This is one possible solution path. As they are the reverse of primes, all entries start with one of {1, 3, 7, 9} and A, B, D, F, H and M consist of those digits only. The two-digit entries in that list are B, F and M, for which the possible values are {13, 17, 31, 37, 71, 73, 79, 91, 97} (not 11, because it would have the same digit in adjacent cells); note that these are all prime numbers except for 91 = 7×13.

From O = NUN,
N^{2} has no more than 3 digits,
so N < 32.
From I = (B + B)/N + Y, N is a factor of 2B.
If B is prime then the only factors of 2B are {1, 2, B, 2B};
N can’t be 1, 2 or B, so N would have to be 2B,
which means B < 16, ie, B = 13 and N = 26.
But 26 isn’t the reverse of a prime,
so B isn’t prime.
Therefore **B = 91**.
That gives 9 for the middle digit of D
and restricts its first digit to 3 or 7 (having neighbours of 9 and 1).
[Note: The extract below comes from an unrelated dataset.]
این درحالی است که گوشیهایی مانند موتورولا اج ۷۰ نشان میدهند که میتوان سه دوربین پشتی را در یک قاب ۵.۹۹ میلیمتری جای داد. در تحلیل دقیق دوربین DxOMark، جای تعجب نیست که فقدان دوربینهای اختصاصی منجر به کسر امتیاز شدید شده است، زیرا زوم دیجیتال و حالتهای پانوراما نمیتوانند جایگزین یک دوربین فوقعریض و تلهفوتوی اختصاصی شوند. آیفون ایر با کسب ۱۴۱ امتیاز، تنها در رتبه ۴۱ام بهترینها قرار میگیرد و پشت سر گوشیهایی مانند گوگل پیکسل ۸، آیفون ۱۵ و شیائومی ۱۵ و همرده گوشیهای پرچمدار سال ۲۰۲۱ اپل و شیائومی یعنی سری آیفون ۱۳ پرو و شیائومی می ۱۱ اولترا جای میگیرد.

The factors of 2B = 2×7×13 are {1, 2, 7, 13, 14, 26, 91, 182},
of which N can only be 13 or 14.
If N = 13 then F = 17 (the only other available value starting with 1),
which would make I = 73,
and then Y = I − 2B/N = 73 − 2×91/13 = 59.
D = YT is a multiple of Y,
but the only multiples of 59 in the 300s or 700s are {354, 708, 767},
none of which matches D, so **N = 14**.

F is 13 or 17.
If F is 13 then (from the grid) I is 34,
which makes Y = 34 − 2×91/14 = 21.
The only odd multiples of 21 in the 300s or 700s are {315, 357, 399, 735, 777},
none of which matches D (399 does, but it has two adjacent digits the same),
so **F = 17**, **I = 74** and **Y = 61**.
The only odd multiples of 61 in the 300s or 700s are {305, 793},
so the only match is **D = 793**, giving **T = 13**.
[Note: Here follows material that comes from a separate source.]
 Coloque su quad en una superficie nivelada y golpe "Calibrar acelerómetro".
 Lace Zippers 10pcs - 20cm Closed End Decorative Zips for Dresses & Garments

A = D + O/W tells us A > D,
and as it has the same first digit and contains only digits {1, 3, 7, 9},
it must be **A = 797**, with W = O/4.

H is now 71_ and its last digit is one of {3, 7, 9},
which also starts O.
We know O = 196U.
The only multiples of 196 in the 300s, 700s or 900s are {392, 784, 980};
980 isn’t allowed (it ends in zero);
784 would make H = 717,
in which the sum of digits is a multiple of 3,
so 717 (forwards or backwards) is a multiple of 3, not a prime.
Therefore **O = 392**, **U = 2**, **H = 713** and **W = 98**.
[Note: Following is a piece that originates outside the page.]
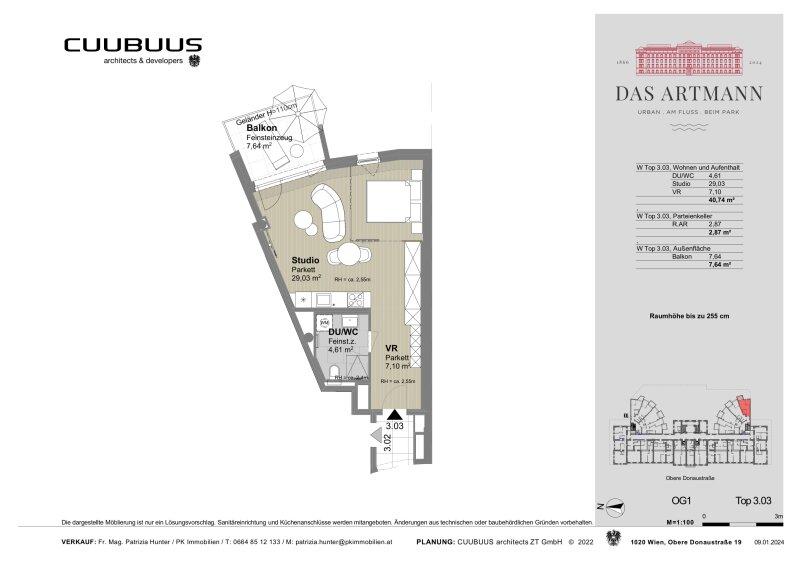 - In den Regelgeschoßen befinden sich Wohnungen mit Größen von 40m² bis 130m²

From H = SC/F we now have SC = FH = 12121,
so S and C are both odd, not ending in 5,
ie each of them ends in one of {1, 3, 7, 9}.
Thus C is in the range [313, 397]
(its middle digit can’t be 0 because it’s the last digit of G),
so S is between 12121/397 ≈ 30.5 and 12121/313 ≈ 38.7,
ie it’s one of {31, 33, 37}.
The only one that gives an integer result is **S = 31**, with **C = 391**.
In the grid,
M is 7_ but its second digit has neighbours of 1, 7 and 9,
so **M = 73**.

For M = J + J − G + L,
we have M = 73, G ending in 9 and L ending in 2,
so 2J = M + G − L ends in 0.
As J itself can’t end in 0, it must end in 5,
so **J = 35**, completing **L = 152** in the grid.
Then G = 2J + L − M, so **G = 149**.

E = (K − L + U − T)Z now reduces to E = (K − 163)Z.
K is 3_9 in the grid;
its middle digit can’t be any of {0, 3, 6, 9}
because they’d give a digit sum that’s a multiple of 3,
so the entry wouldn’t be the reverse of a prime,
and it can’t be any of {2, 3, 4, 5, 7, 9} because those digits occur in neighbouring cells;
so K is 319 or 389 and
E (9_4 in the grid) is a multiple of 156 or 226, respectively.
The only multiple of 156 in the 900s is 936, not a match for E,
so **K = 389**.
The only multiple of 226 in the 900s is 904,
so **E = 904**, **Z = 4** and the puzzle is complete.